What Chefs' Kids Eat
We peek inside their brown bags.
By
Ann Limpert
Published Thursday, September 01, 2005
When it comes to lunch, Ellen Gray, who with her husband, chef Todd Gray, owns Equinox restaurant in downtown DC, shudders at the prospect of sending their five-year-old son off with packaged products like Lunchables and Capri Sun. "Look at the ingredients," she says. "They're not real."
Which made us wonder--what do chefs send their kids off to school with? With visions of crustless prosciutto-and-fig sandwiches in our heads, we peeked inside the brown bags that local chefs pack for their kids.
A typical lunch for Harrison Gray might be a peanut-butter-and-jelly sandwich made with sugar-free Welch's grape jelly on honey whole-wheat bread, or a grilled peanut-butter-and-cream-cheese quesadilla; carrot sticks with peanut butter; Smartfood popcorn; Nutter Butter cookies; and a minibottle of water.
Chef Cathal Armstrong and wife Meshelle, who own Restaurant Eve in Alexandria, send six-year-old Eve off to first grade with an Irish bacon sandwich with cheddar cheese, lettuce, and homemade mustard; strawberries tossed with yogurt, lemon zest, and sugar; Cadbury milk-chocolate buttons from Ireland; and milk.

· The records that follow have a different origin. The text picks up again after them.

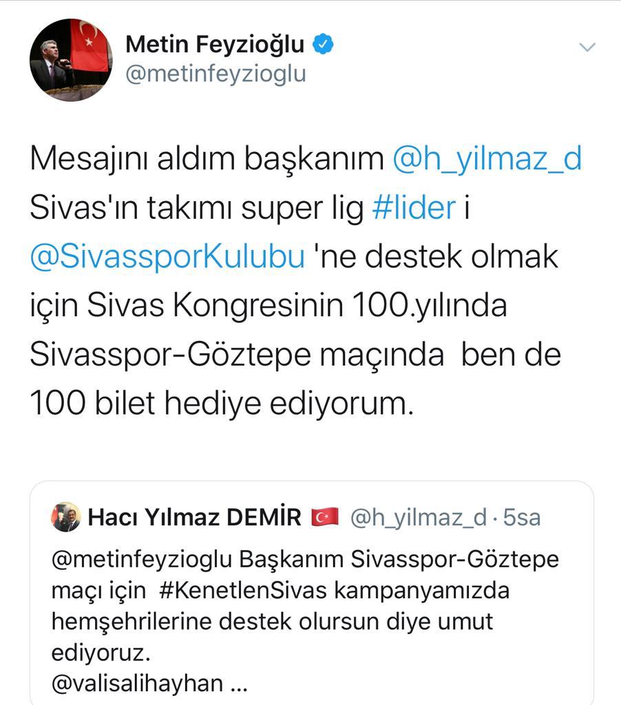 Sivas Baro Başkanı Hacı Yılmaz Demir'in sosyal medyadan, "Metin Feyzioğlu başkanım, Sivasspor-Göztepe maçı için kenetlen, Sivas kampanyamızda hemşehrilerine destek olursun diye umut ediyoruz." çağrısı üzerine Türkiye Barolar Birliği (TBB) Başkanı Metin Feyzioğlu da sosyal medya hesabından, "Mesajını aldım başkanım. Sivas'ın takımı, Süper Lig lideri Sivasspor'a destek olmak için Sivas Kongresi'nin 100. yılında Sivasspor-Göztepe maçında ben de 100 bilet hediye ediyorum." paylaşımında bulundu.
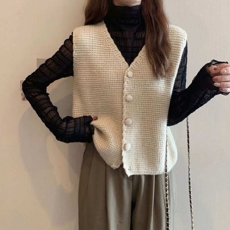 V Neck Knitted Cardigan Sweater Vest
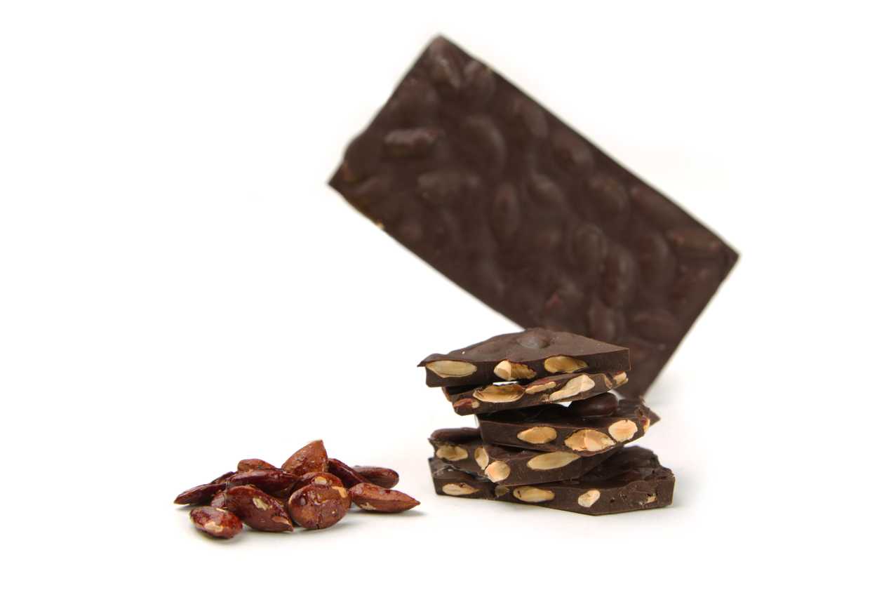 თაფლით კარამელიზირებული ხრაშუნა მთლიანი ნუში – ვეგანურ / სამარხვო (55%) შოკოლადში
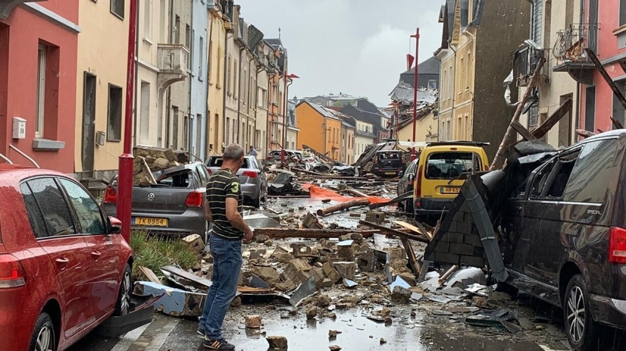 Et war spéiden Nomëtten, wou déi éischt Appeller an der Redaktioun agaange sinn. Zu Käerjeng a Péiteng hätt et e schlëmme Stuerm ginn. Och vun Tornado war rieds. Net laang huet et gedauert, bis déi éischt Videoe vum Ausmooss erakomm sinn. Tatsächlech war op enger vun den Opnamen e klengen Tornado ze gesinn, dee sech op en Haus zoubeweegt huet. Op enger anerer ass aus engem Auto eraus gefilmt ginn. Géigestänn sinn an d’Pare-Brise geflunn, dat ganzt Gefier gouf vum Stuerm gerëselt.
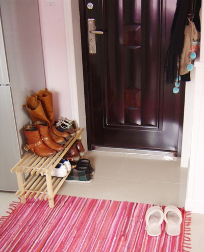 走進這個小戶型,我們在各個小細節(jié)都能驚艷到。進門的玄關(guān)處,擺放了簡潔的兩層木質(zhì)鞋架,日常換鞋正合適。不能像在其它空間里一樣,玄關(guān)處放置一個鞋柜,雖然美觀但是空間限制了,我們只能想其它方法,但是效果達到了。這個業(yè)主MM自己淘來的。
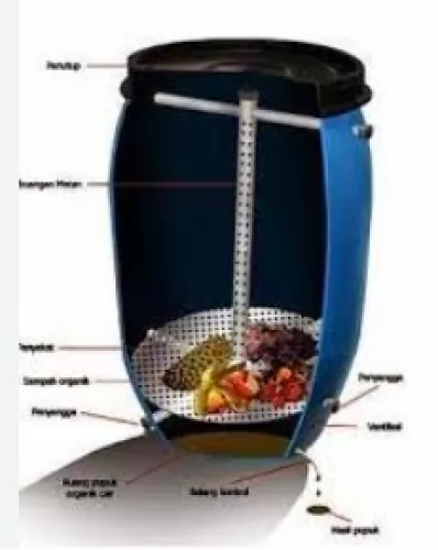 Kelengkapan Tong, tutup atas, tutup samping, saringan, paralon, kran, selang. Tutup samping gunanya untuk mengambil ( panen ). Kompos di bagian bawah ( sampah organik yg  masuk lebih awal ) yg sudah jadi kompos padat
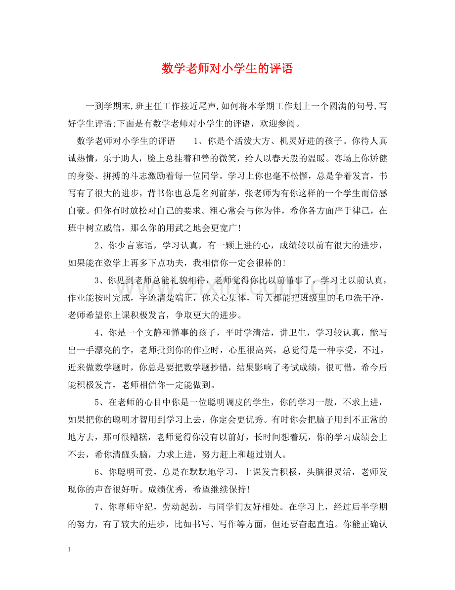 一到学期末,班主任工作接近尾声,如何将本学期工作划上一个圆满的句号,写好学生评语;下面是有数学老师对小学生的评语,欢迎参阅。
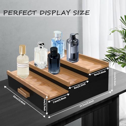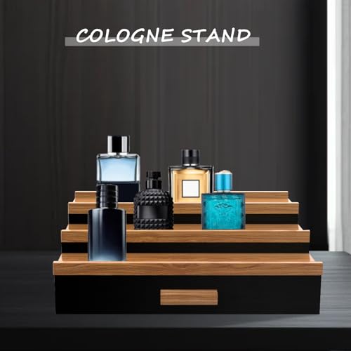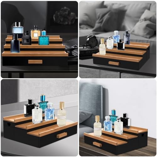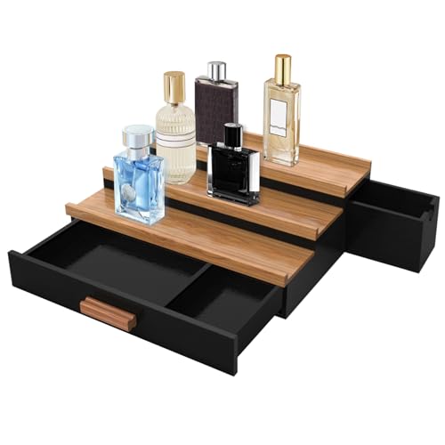 SOOKU - منظم كولونيا خشبي من سوكو للرجال والنساء، 3 طبقات من حامل العطور المرتفع مع درج، منظم العطور ومنصات عرض التخزين، ديكور غرفة الرجال، أفكار هدايا عيد الحب وعيد الميلاد
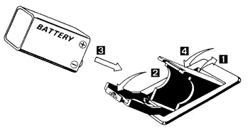 Tienda los cables de la caja de la batería y empuje la caja giratoria de la batería hasta su lugar, como se muestra en el diagrama de la derecha. Los pines de la caja encajan en los orificios de la carcasa. Recorte y suelde los cables en el circuito de control de la guitarra. Instale una batería de 9 voltios siguiendo los pasos que se muestran a continuación.
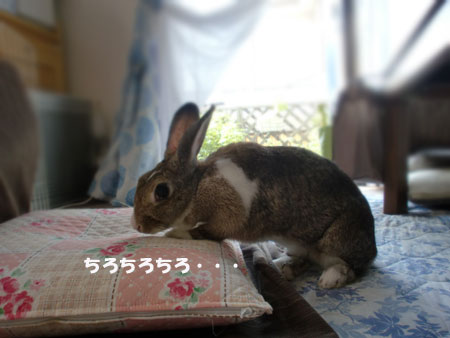 わたはキレイ好きだから、座布団のお掃除もしちゃうもんね。。

Chef Robert Wiedmaier of Marcel's in DC's West End found a creative solution to his six-year-old son Marcel's Lunchables envy. He fills a plastic box segmented with dividers from the Container Store with pepper-jack cheese, crackers, and fruit. Marcel might also get a frozen peanut-butter-and-jelly sandwich that thaws by lunchtime, Whole Foods applesauce tubes, and a Clif or Luna energy bar.
In Bethesda, Jaleo executive chef JohnPaul Damato says that classmates try to buy the lunches he and his wife pack for son Tyler, 14, and daughter Parker, 9. Favorites include pasta salad; cured sausages, cheeses, olives, carrots, and cucumbers; melon and berries in summer or apples and bananas in winter; and Santa Cruz organic lemonade juice boxes.
Chef Andrew Evans, who owns the Inn at Easton on the Eastern Shore with his wife, Australian expat Liz, says smoothies in a thermos are "a great way to get fruit into your kids." They pack daughters Gabby, 7, and Lilly, 3, Aussie beans-on-toast kits--toast spread with butter and vegemite with a thermos of warm baked beans; steamed Chinese barbecue-pork buns; and Minute Maid pink-lemonade juice boxes.